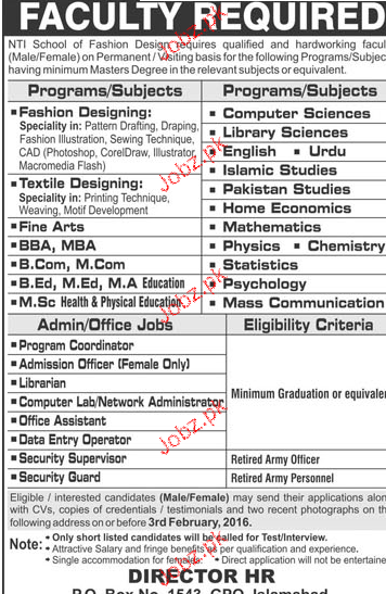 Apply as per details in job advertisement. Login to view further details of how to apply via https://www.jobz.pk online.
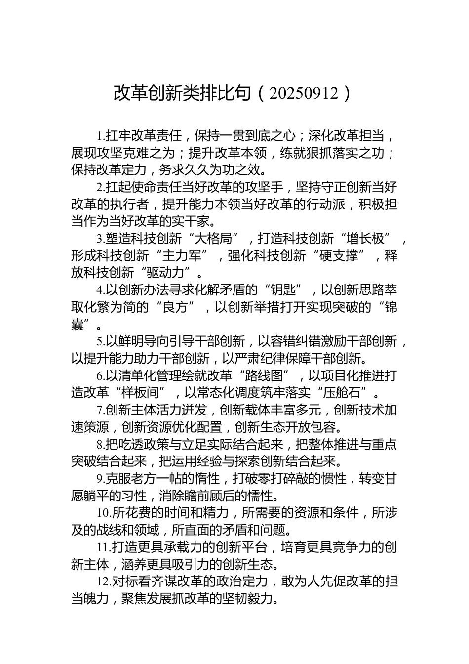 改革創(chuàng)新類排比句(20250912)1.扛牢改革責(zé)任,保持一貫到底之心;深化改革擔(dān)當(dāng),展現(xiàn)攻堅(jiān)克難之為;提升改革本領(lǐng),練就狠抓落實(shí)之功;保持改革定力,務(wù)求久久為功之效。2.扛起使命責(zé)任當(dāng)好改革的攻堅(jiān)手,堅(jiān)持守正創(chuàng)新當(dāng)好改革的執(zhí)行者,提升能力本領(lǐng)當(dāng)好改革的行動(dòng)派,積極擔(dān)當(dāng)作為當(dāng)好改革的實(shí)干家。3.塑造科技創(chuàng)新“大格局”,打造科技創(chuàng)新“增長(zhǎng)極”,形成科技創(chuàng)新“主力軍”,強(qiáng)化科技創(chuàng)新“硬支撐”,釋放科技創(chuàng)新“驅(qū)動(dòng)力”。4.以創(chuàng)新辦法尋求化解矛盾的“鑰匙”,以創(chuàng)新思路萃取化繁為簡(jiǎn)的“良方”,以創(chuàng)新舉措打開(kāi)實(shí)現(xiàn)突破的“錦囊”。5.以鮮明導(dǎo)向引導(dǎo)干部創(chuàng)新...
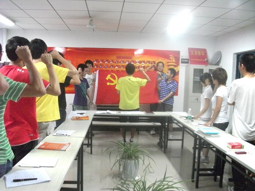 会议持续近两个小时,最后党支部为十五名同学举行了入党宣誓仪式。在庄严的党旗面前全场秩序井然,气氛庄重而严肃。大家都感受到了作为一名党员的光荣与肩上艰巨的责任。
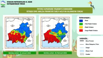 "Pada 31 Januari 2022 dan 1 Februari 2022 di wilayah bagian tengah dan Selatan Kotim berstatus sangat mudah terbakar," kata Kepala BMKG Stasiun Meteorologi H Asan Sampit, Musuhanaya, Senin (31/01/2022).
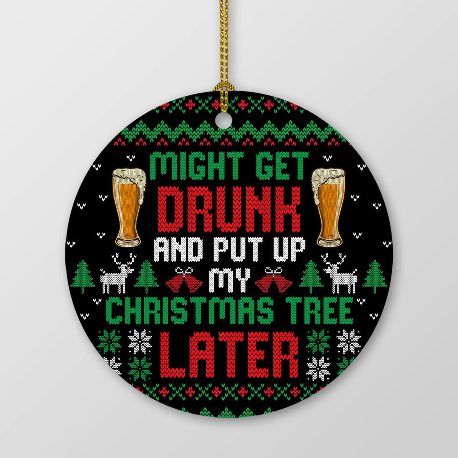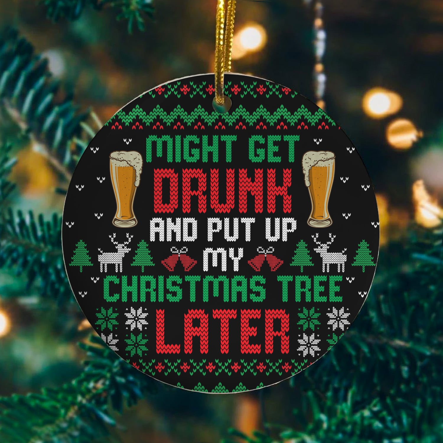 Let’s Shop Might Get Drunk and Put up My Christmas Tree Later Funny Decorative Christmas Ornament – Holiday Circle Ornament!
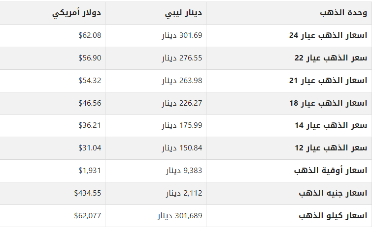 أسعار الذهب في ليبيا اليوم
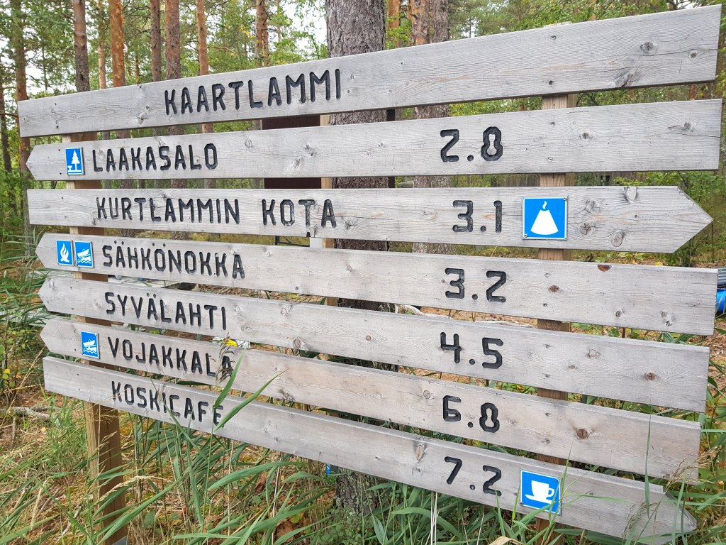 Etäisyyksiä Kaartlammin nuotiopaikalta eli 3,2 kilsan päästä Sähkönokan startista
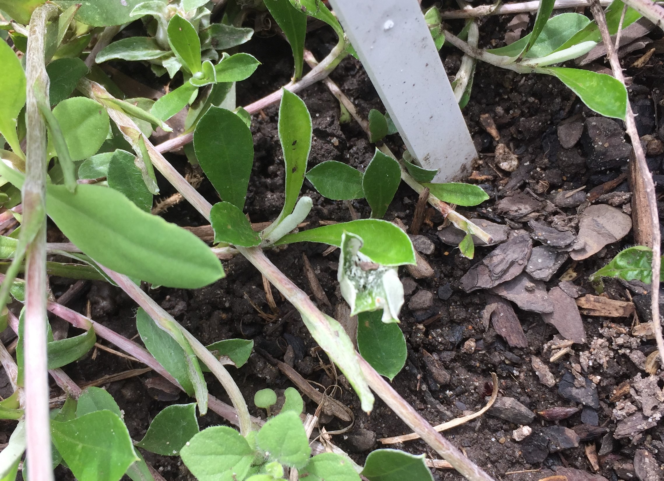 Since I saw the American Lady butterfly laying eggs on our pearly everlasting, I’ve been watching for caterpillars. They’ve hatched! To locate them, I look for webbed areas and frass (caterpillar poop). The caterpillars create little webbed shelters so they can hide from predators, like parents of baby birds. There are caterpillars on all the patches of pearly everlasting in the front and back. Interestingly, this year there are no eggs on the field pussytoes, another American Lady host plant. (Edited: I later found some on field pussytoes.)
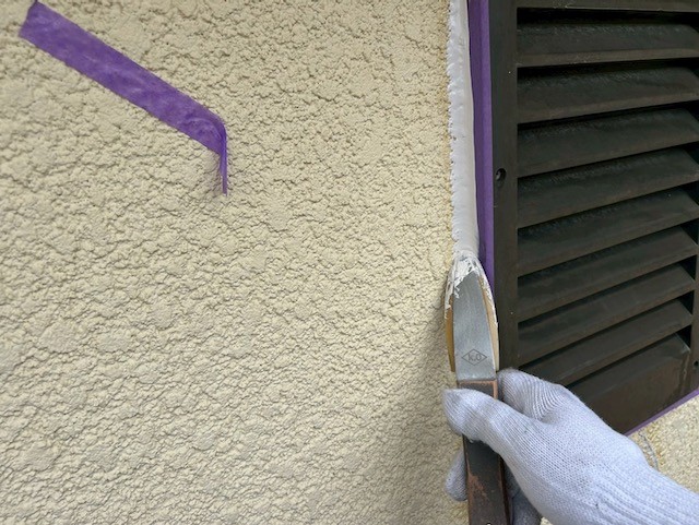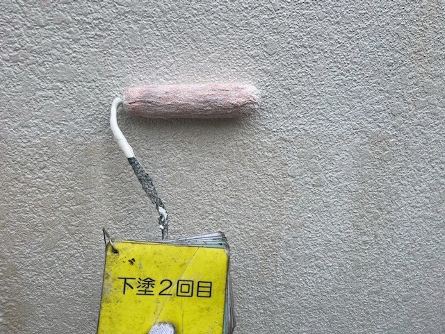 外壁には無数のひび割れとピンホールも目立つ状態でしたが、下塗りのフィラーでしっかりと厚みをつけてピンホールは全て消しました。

──────────────────────────────

Those lines of the records above that run from the one containing "أسعار الذهب في ليبيا اليوم" through the one containing "Etäisyyksiä Kaartlammin nuotiopaikalta" should be returned exactly, with no pictures among them.

 أسعار الذهب في ليبيا اليوم
 Etäisyyksiä Kaartlammin nuotiopaikalta eli 3,2 kilsan päästä Sähkönokan startista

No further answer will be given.